> _What you need to do_
Excluding pictures, transcribe precisely the lines from the one containing "The White Lotus" to the final line of the listing below, inclusive, and nothing more.

> _Recorded data_
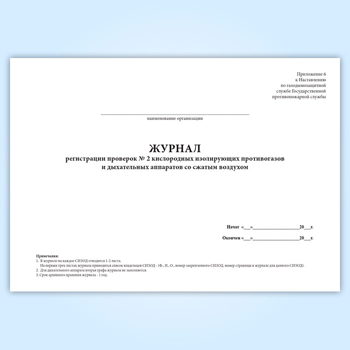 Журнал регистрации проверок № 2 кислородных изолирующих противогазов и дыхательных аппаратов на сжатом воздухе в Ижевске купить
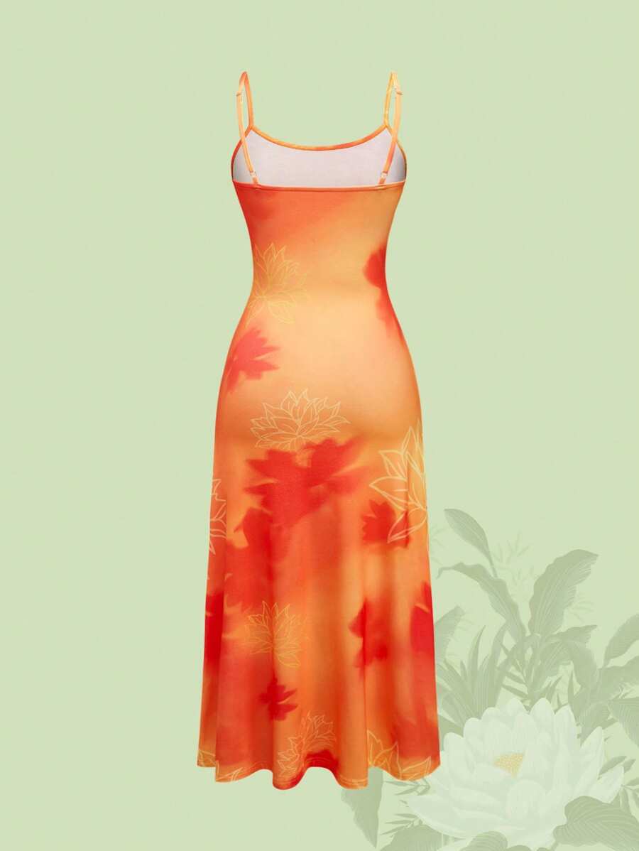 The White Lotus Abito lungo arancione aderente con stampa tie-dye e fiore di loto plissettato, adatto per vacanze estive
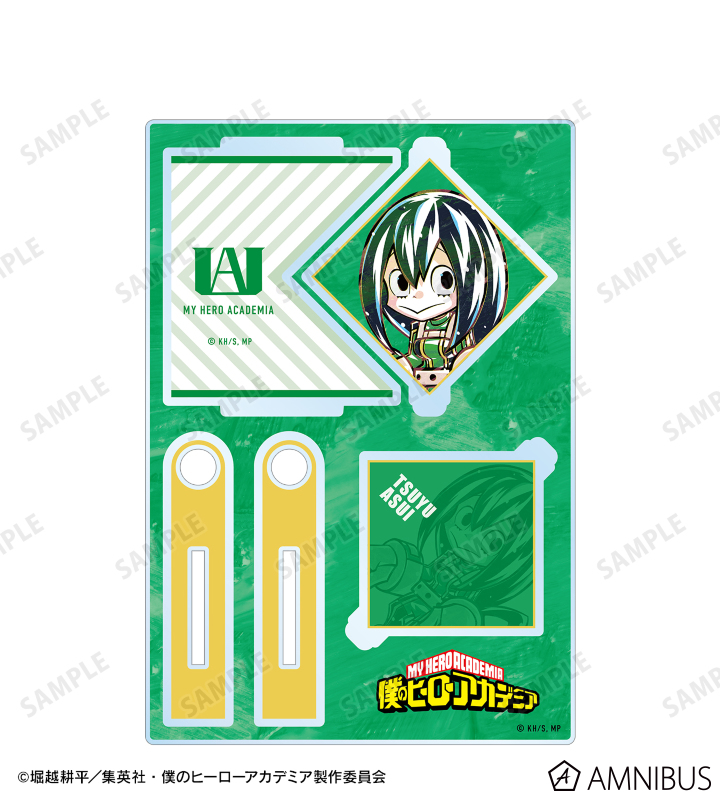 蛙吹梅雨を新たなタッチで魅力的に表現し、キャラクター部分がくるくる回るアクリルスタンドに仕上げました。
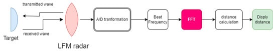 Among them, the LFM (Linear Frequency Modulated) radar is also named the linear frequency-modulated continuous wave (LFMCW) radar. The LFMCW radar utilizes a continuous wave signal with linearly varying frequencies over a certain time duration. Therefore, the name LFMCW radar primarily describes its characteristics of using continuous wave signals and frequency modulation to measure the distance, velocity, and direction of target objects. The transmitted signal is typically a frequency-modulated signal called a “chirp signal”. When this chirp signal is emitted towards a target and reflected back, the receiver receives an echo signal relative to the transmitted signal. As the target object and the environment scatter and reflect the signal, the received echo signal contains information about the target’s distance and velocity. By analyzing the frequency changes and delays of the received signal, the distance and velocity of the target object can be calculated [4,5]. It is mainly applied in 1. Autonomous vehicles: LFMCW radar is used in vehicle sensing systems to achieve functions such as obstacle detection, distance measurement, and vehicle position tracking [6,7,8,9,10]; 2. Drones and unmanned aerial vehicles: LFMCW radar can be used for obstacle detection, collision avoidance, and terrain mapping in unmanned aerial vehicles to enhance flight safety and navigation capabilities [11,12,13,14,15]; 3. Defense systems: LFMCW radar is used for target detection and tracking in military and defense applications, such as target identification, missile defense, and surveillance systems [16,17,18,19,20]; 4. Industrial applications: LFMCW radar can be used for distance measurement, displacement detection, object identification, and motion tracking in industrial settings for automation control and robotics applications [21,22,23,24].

> _Result of this exercise_
 The White Lotus Abito lungo arancione aderente con stampa tie-dye e fiore di loto plissettato, adatto per vacanze estive
 蛙吹梅雨を新たなタッチで魅力的に表現し、キャラクター部分がくるくる回るアクリルスタンドに仕上げました。
 Among them, the LFM (Linear Frequency Modulated) radar is also named the linear frequency-modulated continuous wave (LFMCW) radar. The LFMCW radar utilizes a continuous wave signal with linearly varying frequencies over a certain time duration. Therefore, the name LFMCW radar primarily describes its characteristics of using continuous wave signals and frequency modulation to measure the distance, velocity, and direction of target objects. The transmitted signal is typically a frequency-modulated signal called a “chirp signal”. When this chirp signal is emitted towards a target and reflected back, the receiver receives an echo signal relative to the transmitted signal. As the target object and the environment scatter and reflect the signal, the received echo signal contains information about the target’s distance and velocity. By analyzing the frequency changes and delays of the received signal, the distance and velocity of the target object can be calculated [4,5]. It is mainly applied in 1. Autonomous vehicles: LFMCW radar is used in vehicle sensing systems to achieve functions such as obstacle detection, distance measurement, and vehicle position tracking [6,7,8,9,10]; 2. Drones and unmanned aerial vehicles: LFMCW radar can be used for obstacle detection, collision avoidance, and terrain mapping in unmanned aerial vehicles to enhance flight safety and navigation capabilities [11,12,13,14,15]; 3. Defense systems: LFMCW radar is used for target detection and tracking in military and defense applications, such as target identification, missile defense, and surveillance systems [16,17,18,19,20]; 4. Industrial applications: LFMCW radar can be used for distance measurement, displacement detection, object identification, and motion tracking in industrial settings for automation control and robotics applications [21,22,23,24].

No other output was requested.